• _WHAT IS BEING ASKED_
If a line below falls between the line with "Tomar cada abrigo" and the line with "၂၀၂၄ ခုနှစ်၊ ဩဂုတ်လ", or is one of those two, output it exactly; output nothing else and no pictures.

• _THE DATA_
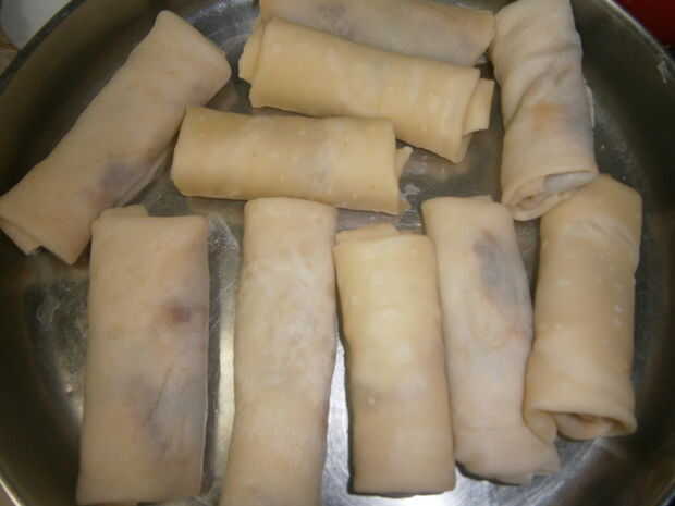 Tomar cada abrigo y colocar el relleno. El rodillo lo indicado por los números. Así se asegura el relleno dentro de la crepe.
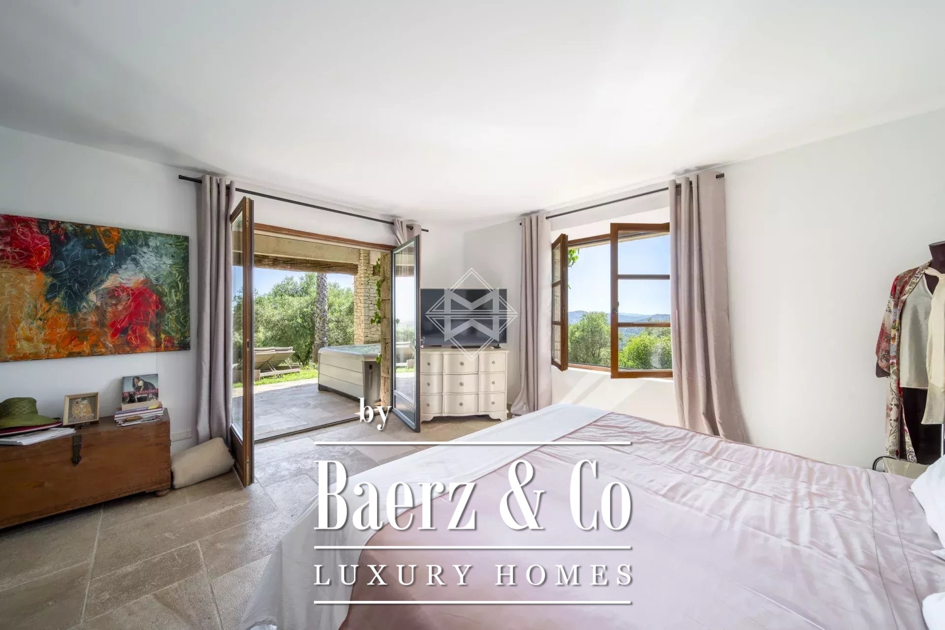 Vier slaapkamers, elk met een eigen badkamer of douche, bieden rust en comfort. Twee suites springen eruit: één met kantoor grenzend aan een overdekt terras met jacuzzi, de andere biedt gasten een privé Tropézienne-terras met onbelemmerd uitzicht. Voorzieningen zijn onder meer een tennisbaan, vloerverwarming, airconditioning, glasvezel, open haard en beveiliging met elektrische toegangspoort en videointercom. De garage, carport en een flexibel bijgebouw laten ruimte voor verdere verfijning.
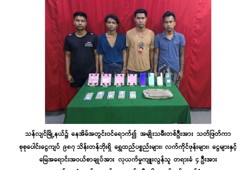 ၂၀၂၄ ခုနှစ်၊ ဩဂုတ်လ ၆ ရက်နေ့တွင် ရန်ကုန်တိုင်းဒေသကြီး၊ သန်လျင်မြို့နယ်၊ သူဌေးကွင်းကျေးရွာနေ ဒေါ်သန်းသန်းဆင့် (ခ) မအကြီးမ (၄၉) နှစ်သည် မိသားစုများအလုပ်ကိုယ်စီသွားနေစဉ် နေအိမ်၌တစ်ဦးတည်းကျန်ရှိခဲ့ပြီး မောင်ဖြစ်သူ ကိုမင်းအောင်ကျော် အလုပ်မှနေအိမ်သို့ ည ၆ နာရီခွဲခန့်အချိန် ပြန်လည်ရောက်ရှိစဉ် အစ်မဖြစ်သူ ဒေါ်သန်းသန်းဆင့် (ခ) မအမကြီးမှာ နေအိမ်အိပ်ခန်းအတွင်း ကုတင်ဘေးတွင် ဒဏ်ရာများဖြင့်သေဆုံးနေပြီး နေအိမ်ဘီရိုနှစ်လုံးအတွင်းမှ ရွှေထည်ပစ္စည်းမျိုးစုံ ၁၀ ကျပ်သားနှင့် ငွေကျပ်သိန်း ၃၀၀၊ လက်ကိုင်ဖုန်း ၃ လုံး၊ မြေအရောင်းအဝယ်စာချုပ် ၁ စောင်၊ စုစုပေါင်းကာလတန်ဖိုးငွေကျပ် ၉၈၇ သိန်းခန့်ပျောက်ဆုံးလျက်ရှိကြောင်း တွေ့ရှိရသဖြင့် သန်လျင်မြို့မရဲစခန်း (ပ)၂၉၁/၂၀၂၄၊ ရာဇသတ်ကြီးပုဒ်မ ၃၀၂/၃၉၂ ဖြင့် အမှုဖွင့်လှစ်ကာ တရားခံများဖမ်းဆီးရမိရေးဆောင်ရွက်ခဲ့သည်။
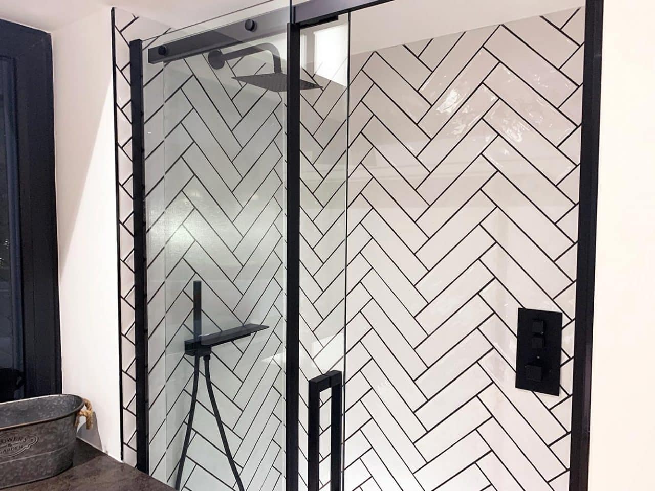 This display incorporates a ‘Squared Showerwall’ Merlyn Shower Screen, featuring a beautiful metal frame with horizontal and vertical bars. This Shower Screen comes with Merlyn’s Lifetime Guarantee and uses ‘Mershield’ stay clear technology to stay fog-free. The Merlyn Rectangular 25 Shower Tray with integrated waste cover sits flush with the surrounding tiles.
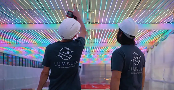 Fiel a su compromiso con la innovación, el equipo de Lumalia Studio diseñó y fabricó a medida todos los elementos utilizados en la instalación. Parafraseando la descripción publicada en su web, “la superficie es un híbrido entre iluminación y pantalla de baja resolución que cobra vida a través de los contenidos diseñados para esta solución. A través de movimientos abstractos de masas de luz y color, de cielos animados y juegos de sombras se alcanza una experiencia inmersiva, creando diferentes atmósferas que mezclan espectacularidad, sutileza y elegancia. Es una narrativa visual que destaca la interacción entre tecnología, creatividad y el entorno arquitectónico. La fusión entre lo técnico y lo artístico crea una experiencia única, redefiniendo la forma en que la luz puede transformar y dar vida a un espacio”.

---

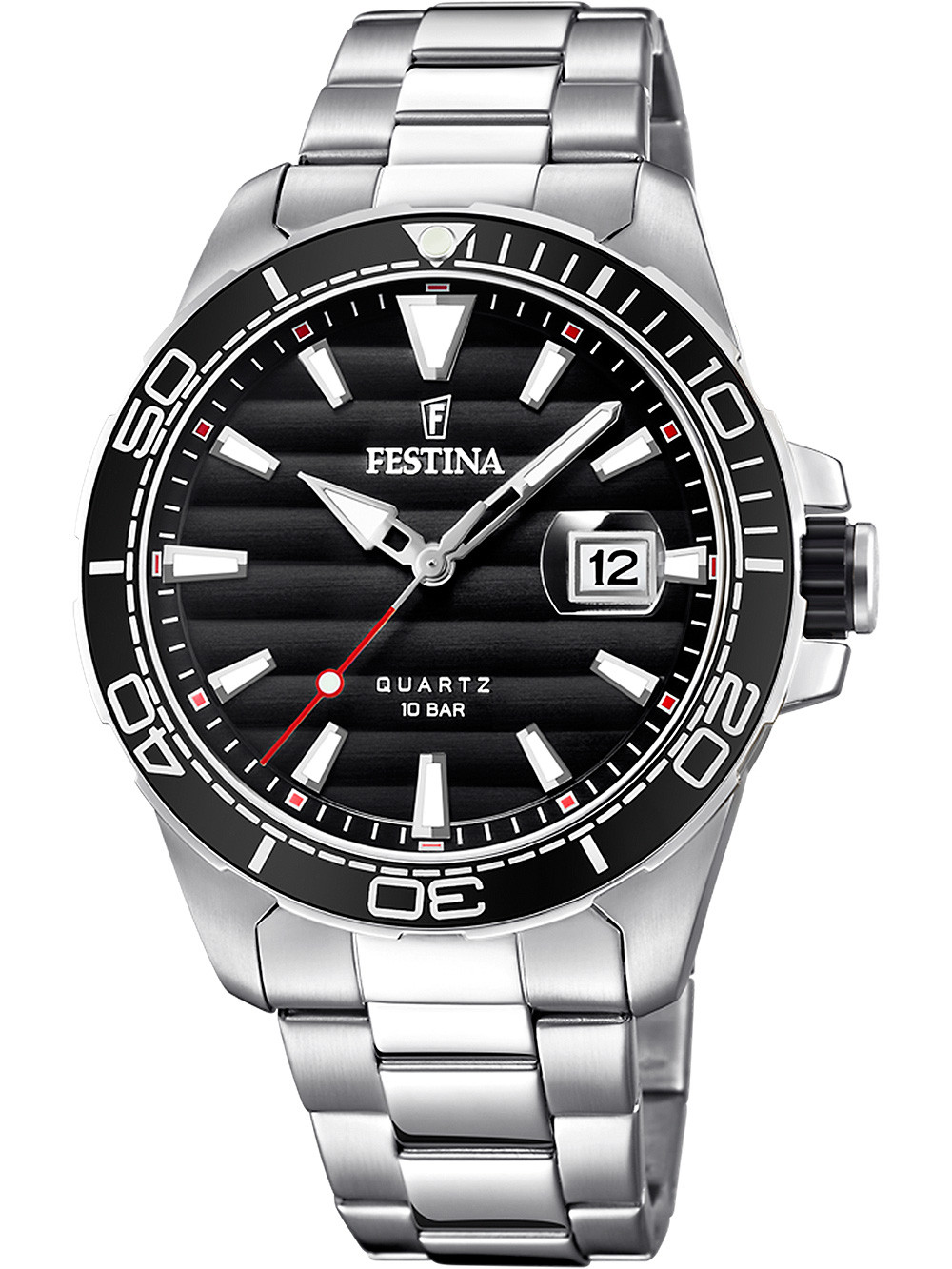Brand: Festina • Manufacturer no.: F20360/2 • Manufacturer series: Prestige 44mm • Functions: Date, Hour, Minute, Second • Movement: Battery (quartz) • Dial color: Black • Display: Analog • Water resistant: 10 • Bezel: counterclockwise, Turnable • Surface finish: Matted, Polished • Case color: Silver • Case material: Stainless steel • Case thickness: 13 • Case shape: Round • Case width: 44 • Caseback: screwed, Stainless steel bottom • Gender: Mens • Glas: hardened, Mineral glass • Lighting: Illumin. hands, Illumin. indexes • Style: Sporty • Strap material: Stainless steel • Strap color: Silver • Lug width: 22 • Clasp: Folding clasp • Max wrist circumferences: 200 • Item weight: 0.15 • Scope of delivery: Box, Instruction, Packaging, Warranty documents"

• _TASK RESULT_
 Tomar cada abrigo y colocar el relleno. El rodillo lo indicado por los números. Así se asegura el relleno dentro de la crepe.
 Vier slaapkamers, elk met een eigen badkamer of douche, bieden rust en comfort. Twee suites springen eruit: één met kantoor grenzend aan een overdekt terras met jacuzzi, de andere biedt gasten een privé Tropézienne-terras met onbelemmerd uitzicht. Voorzieningen zijn onder meer een tennisbaan, vloerverwarming, airconditioning, glasvezel, open haard en beveiliging met elektrische toegangspoort en videointercom. De garage, carport en een flexibel bijgebouw laten ruimte voor verdere verfijning.
 ၂၀၂၄ ခုနှစ်၊ ဩဂုတ်လ ၆ ရက်နေ့တွင် ရန်ကုန်တိုင်းဒေသကြီး၊ သန်လျင်မြို့နယ်၊ သူဌေးကွင်းကျေးရွာနေ ဒေါ်သန်းသန်းဆင့် (ခ) မအကြီးမ (၄၉) နှစ်သည် မိသားစုများအလုပ်ကိုယ်စီသွားနေစဉ် နေအိမ်၌တစ်ဦးတည်းကျန်ရှိခဲ့ပြီး မောင်ဖြစ်သူ ကိုမင်းအောင်ကျော် အလုပ်မှနေအိမ်သို့ ည ၆ နာရီခွဲခန့်အချိန် ပြန်လည်ရောက်ရှိစဉ် အစ်မဖြစ်သူ ဒေါ်သန်းသန်းဆင့် (ခ) မအမကြီးမှာ နေအိမ်အိပ်ခန်းအတွင်း ကုတင်ဘေးတွင် ဒဏ်ရာများဖြင့်သေဆုံးနေပြီး နေအိမ်ဘီရိုနှစ်လုံးအတွင်းမှ ရွှေထည်ပစ္စည်းမျိုးစုံ ၁၀ ကျပ်သားနှင့် ငွေကျပ်သိန်း ၃၀၀၊ လက်ကိုင်ဖုန်း ၃ လုံး၊ မြေအရောင်းအဝယ်စာချုပ် ၁ စောင်၊ စုစုပေါင်းကာလတန်ဖိုးငွေကျပ် ၉၈၇ သိန်းခန့်ပျောက်ဆုံးလျက်ရှိကြောင်း တွေ့ရှိရသဖြင့် သန်လျင်မြို့မရဲစခန်း (ပ)၂၉၁/၂၀၂၄၊ ရာဇသတ်ကြီးပုဒ်မ ၃၀၂/၃၉၂ ဖြင့် အမှုဖွင့်လှစ်ကာ တရားခံများဖမ်းဆီးရမိရေးဆောင်ရွက်ခဲ့သည်။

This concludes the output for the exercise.